Religion
- Affiliation: Conservative Judaism
- Ecclesiastical or organisational status: Synagogue
- Leadership: Rabbi Ari Isenberg; Rabbi Steven Bayar (Emeritus);
- Status: Active

Location
- Location: Millburn, Essex County, New Jersey
- Country: United States
- Coordinates: 40°43′17″N 74°17′33″W﻿ / ﻿40.7215°N 74.2926°W

Architecture
- Architect: Percival Goodman
- Type: Synagogue
- Style: Modernist
- Established: 1924 (as a congregation)
- Completed: 1951

Website
- cbi-nj.org

= Congregation B'nai Israel (Millburn, New Jersey) =

Conservative Jewish synagogue in New Jersey, US

B'nai Israel is an architecturally notable Conservative Jewish congregation and synagogue in Millburn, Essex County, New Jersey, in the United States.

== History ==
Founded in 1924, the congregation hired Max Gruenewald as rabbi in 1946. He had been the rabbi of the Haupt Synagogue in Mannheim, Germany when it was destroyed during the Kristallnacht pogrom of 1938. In 1950, two stones from the Haupt Synagogue were retrieved and placed in the walls of the sanctuary. Rabbi Gruenewald served the congregation until his 1970 retirement, and also ran the Leo Baeck Institutes in New York, London, and Jerusalem.
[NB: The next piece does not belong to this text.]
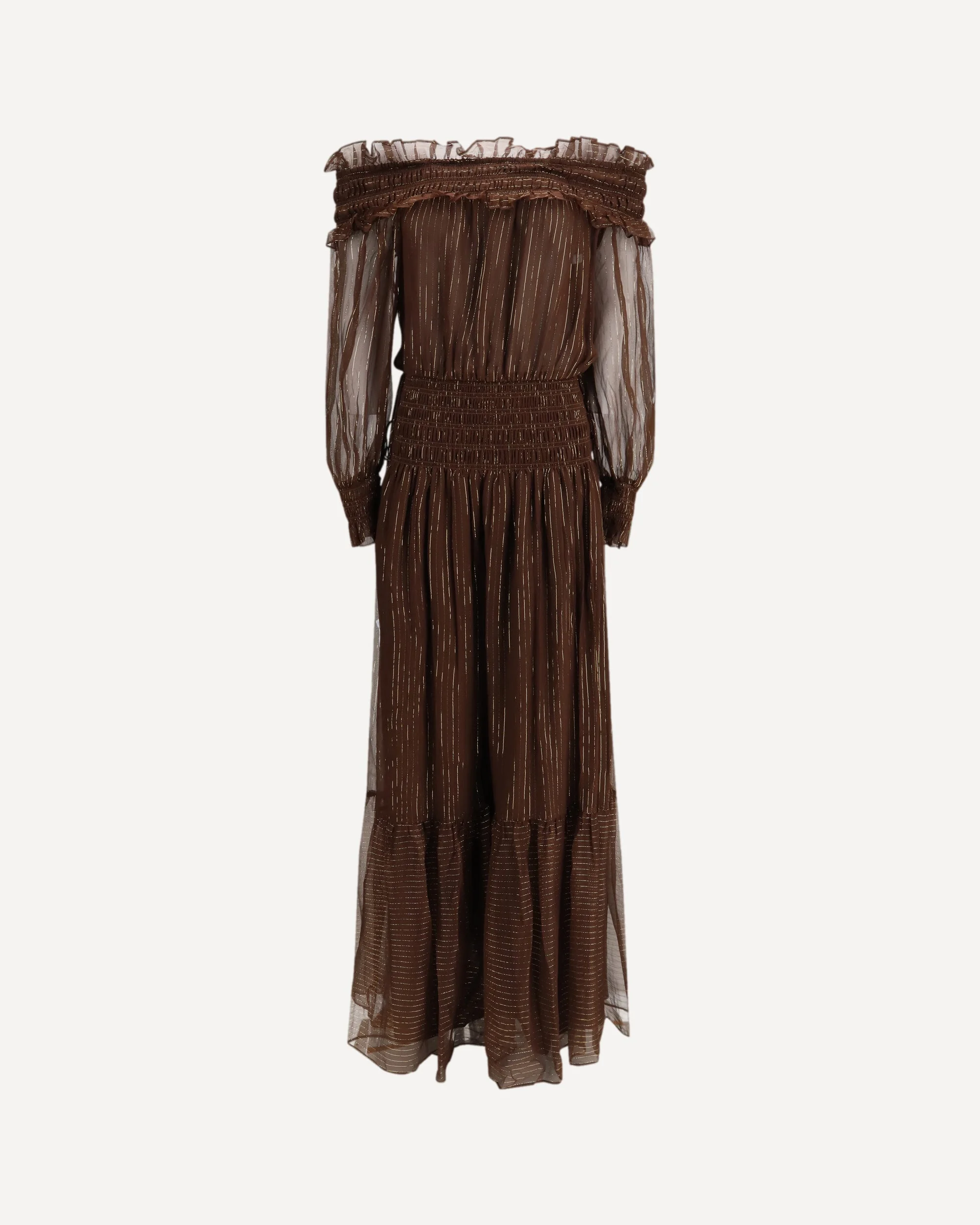 The georgette off shoulder maxi Dress by Self-Portrait captures a light, carefree spirit with an effortless boho allure. Crafted in brown crinkle georgette, it flows softly over the silhouette, enhanced by a romantic off-shoulder neckline and delicate ruffle detailing. The elasticated waistband gently defines the figure, while the knee-length lining ensures comfort and ease. Perfect styled with flat sandals, it’s an ideal choice for relaxed days and beachside evenings. DETAILS - Sku: RS26156XABR_BROWN - Season: SS26 - Fit: Oversize - Composition: GENERAL 95% Silk 5% Other Fibres - MADE IN CHINA

As of August 2020, the rabbi is Ari Isenberg and the cantor is Lorna Wallach. Steven Bayar is Rabbi Emeritus.

== Synagogue building ==
Percival Goodman's design for B'nai Israel, constructed in 1951, has been called "the first truly modern synagogue", and "a revolutionary moment in American synagogue design." Goodman became known for his integration of modern sculpture and art into modernist buildings.

Adolph Gottlieb designed the curtain for the Torah Ark, Robert Motherwell designed a mural, and Herbert Ferber created an exterior sculpture for the new building. Goodman's use of cutting-edge artists caused a sensation in the American Jewish community, causing other congregations to rush to commission modernist buildings with works of art by contemporary artists. Motherwell's preparatory study for his mural is in the collection of The Jewish Museum in New York. The Gottlieb-designed curtain for the Torah Ark was stitched by the women of the congregation. Gottlieb's wife supervised the sewing of the curtain, which was made of velvet in two-tiers, with appliqués and metallic thread embroidery. By 1987, the curtain required extensive (and expensive) restoration, and the congregation decided to donate it to the Jewish Museum, which carried out the restoration and displays the curtain in special exhibitions.

In 2009, historic preservationists objected to renovation plans thought likely to negatively impact the building's architectural integrity. The Motherwell and Ferber artworks were taken down for the renovation, and loaned to The Jewish Museum in New York for an exhibition reuniting them with the original Gottlieb curtain.